## About this task
Below, locate the line that contains "- Экологичность - термоклей". Repeat exactly from that line to the line that contains "5. Also, you", inclusive, leaving out the pictures.

## Task input
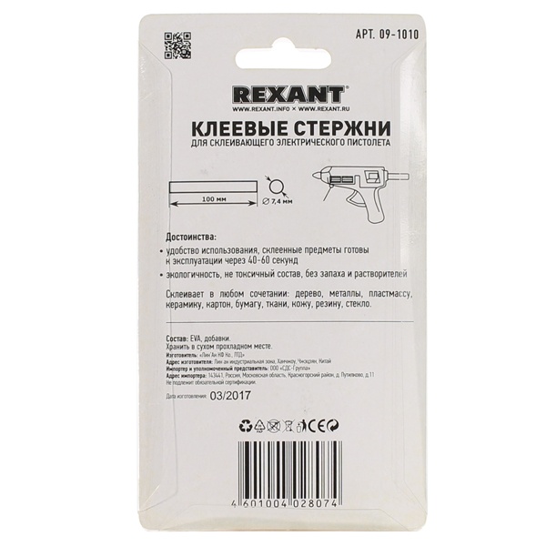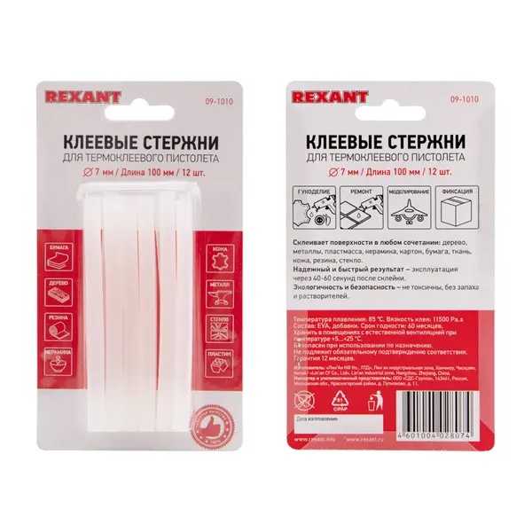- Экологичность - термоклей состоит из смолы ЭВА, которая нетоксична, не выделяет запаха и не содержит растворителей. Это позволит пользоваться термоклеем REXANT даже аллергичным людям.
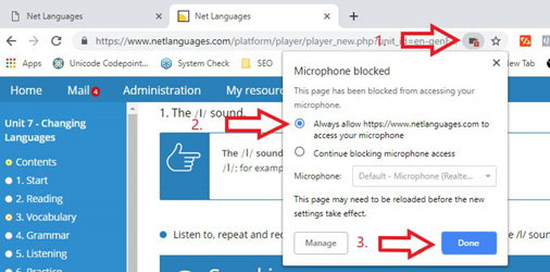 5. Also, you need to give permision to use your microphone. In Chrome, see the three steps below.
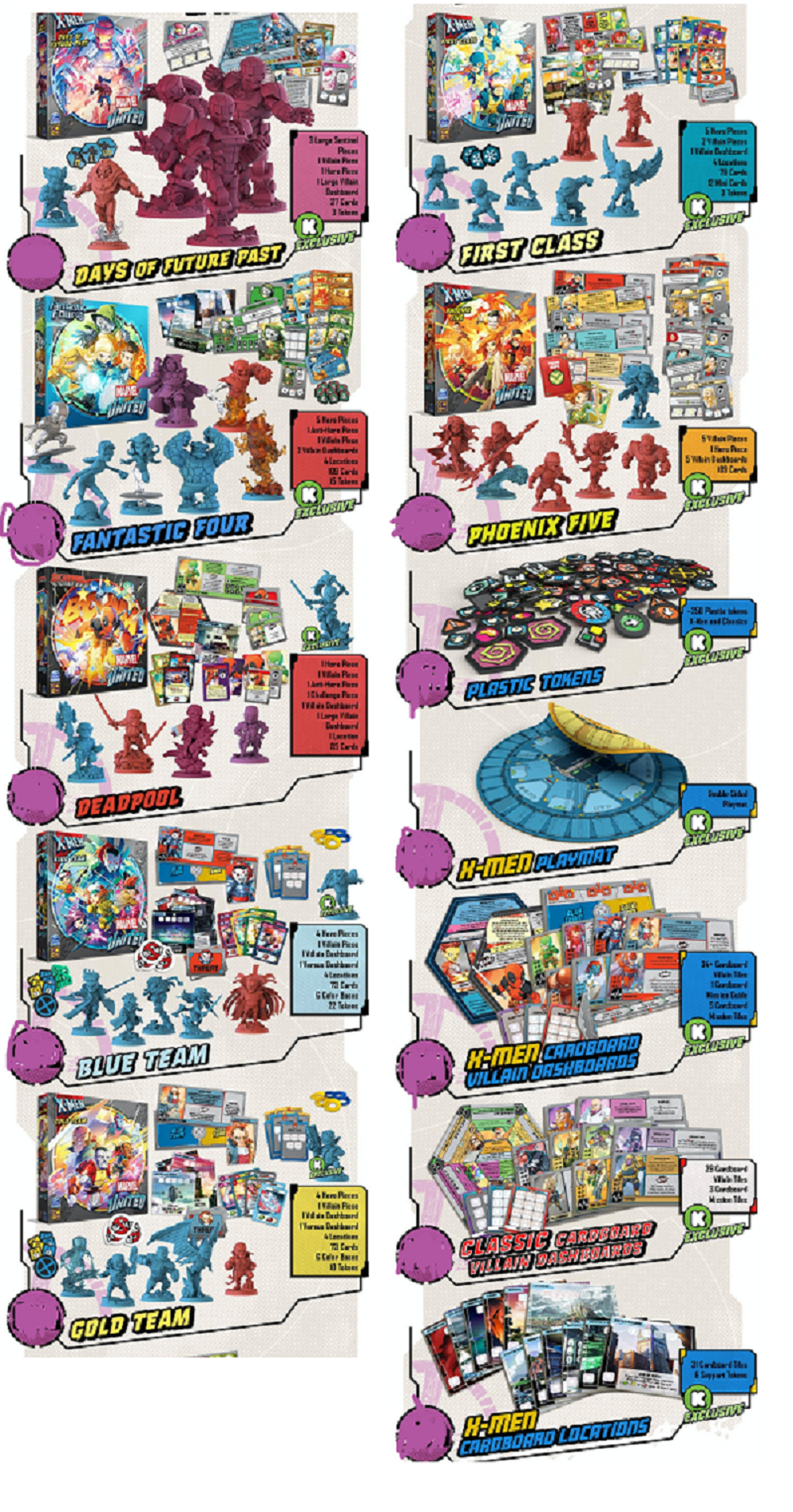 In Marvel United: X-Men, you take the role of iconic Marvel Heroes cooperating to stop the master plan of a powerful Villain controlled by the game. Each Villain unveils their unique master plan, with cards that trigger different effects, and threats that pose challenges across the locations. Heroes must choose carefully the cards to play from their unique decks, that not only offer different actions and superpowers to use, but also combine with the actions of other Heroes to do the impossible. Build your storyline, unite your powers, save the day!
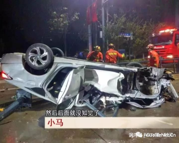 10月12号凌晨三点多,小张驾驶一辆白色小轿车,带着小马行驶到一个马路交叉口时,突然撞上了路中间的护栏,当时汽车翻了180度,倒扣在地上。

---

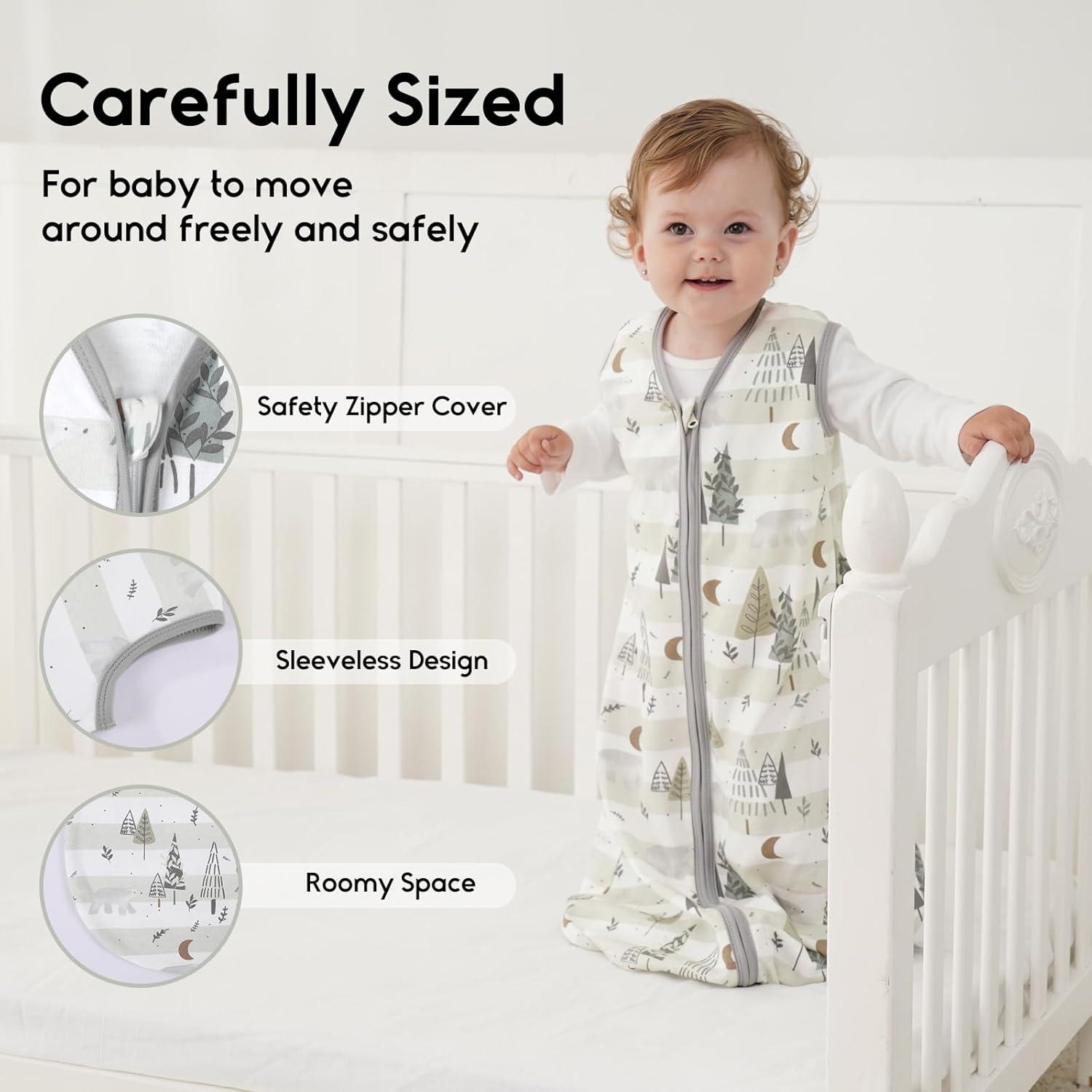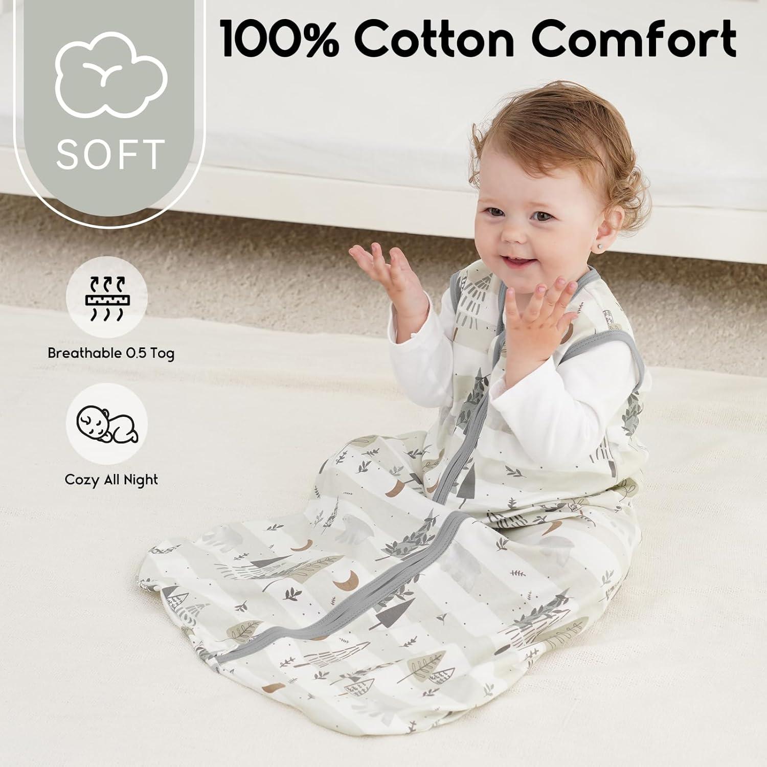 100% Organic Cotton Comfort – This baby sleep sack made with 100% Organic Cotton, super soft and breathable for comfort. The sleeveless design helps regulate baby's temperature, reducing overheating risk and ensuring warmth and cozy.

## Answer for the task
- Экологичность - термоклей состоит из смолы ЭВА, которая нетоксична, не выделяет запаха и не содержит растворителей. Это позволит пользоваться термоклеем REXANT даже аллергичным людям.
 5. Also, you need to give permision to use your microphone. In Chrome, see the three steps below.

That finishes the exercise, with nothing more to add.